--- START ---
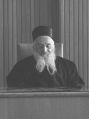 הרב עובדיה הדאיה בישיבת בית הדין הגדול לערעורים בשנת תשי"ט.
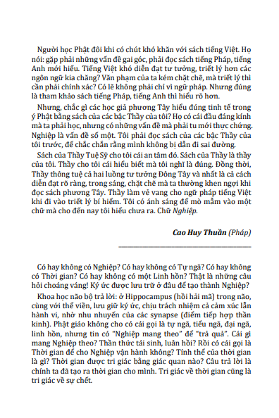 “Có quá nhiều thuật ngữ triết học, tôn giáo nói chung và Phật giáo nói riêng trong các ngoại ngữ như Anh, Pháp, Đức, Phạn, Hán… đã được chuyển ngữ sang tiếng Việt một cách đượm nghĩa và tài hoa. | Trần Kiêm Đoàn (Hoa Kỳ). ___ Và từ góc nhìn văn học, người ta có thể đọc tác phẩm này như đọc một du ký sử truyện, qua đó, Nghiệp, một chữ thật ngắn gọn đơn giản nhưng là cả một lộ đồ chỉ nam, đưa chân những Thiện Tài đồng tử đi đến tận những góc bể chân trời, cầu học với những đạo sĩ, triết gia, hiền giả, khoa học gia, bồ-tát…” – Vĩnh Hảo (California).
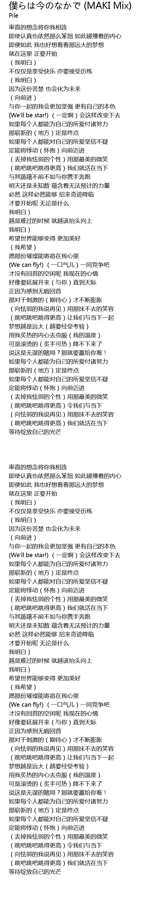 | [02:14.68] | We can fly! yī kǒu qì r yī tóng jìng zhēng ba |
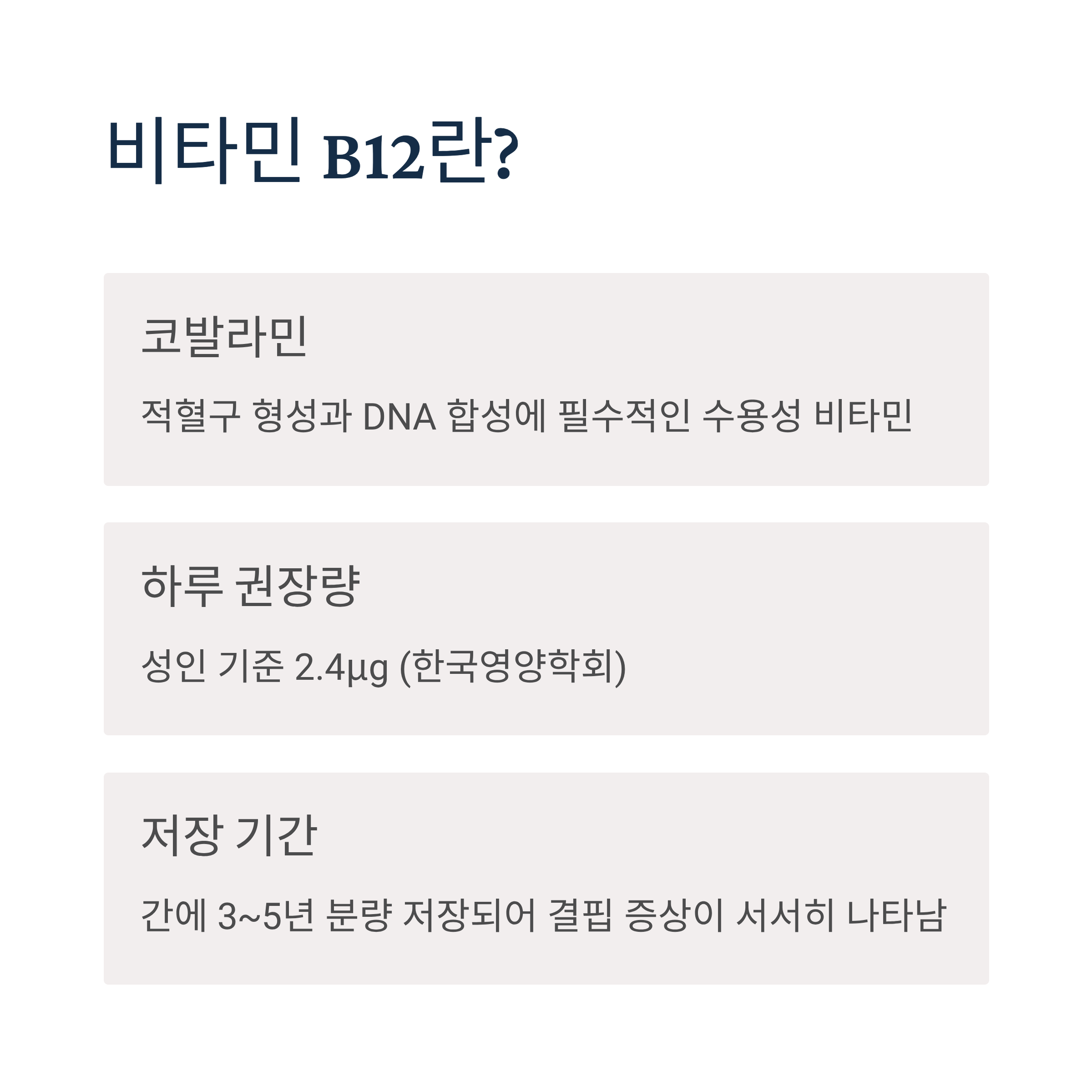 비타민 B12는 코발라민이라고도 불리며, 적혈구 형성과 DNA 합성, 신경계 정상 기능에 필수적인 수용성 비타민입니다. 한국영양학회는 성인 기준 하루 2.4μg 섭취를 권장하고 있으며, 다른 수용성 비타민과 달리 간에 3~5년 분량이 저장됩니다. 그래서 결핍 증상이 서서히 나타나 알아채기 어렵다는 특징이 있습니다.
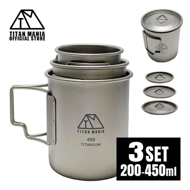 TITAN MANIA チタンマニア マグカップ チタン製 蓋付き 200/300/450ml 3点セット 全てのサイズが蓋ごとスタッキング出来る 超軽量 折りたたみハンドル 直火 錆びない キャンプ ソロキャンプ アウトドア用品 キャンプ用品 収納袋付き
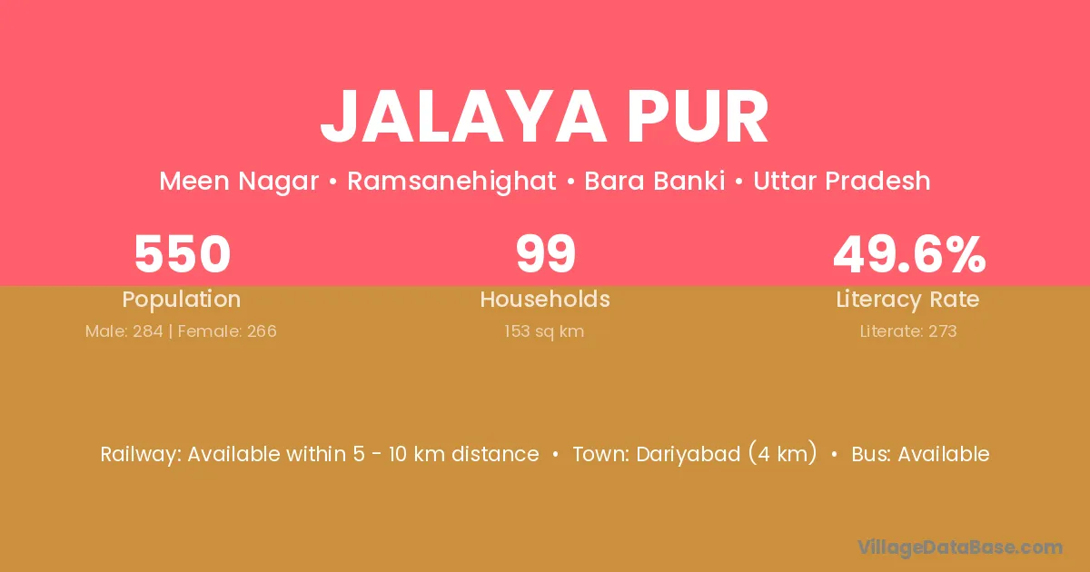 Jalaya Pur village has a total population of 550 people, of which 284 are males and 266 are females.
--- END ---
__Your assignment__. Please transcribe exactly the lines from the one that contains "비타민 B12는 코발라민이라고도" through the closing line of the entries, with no pictures.

__Written response__.
 비타민 B12는 코발라민이라고도 불리며, 적혈구 형성과 DNA 합성, 신경계 정상 기능에 필수적인 수용성 비타민입니다. 한국영양학회는 성인 기준 하루 2.4μg 섭취를 권장하고 있으며, 다른 수용성 비타민과 달리 간에 3~5년 분량이 저장됩니다. 그래서 결핍 증상이 서서히 나타나 알아채기 어렵다는 특징이 있습니다.
 TITAN MANIA チタンマニア マグカップ チタン製 蓋付き 200/300/450ml 3点セット 全てのサイズが蓋ごとスタッキング出来る 超軽量 折りたたみハンドル 直火 錆びない キャンプ ソロキャンプ アウトドア用品 キャンプ用品 収納袋付き
 Jalaya Pur village has a total population of 550 people, of which 284 are males and 266 are females.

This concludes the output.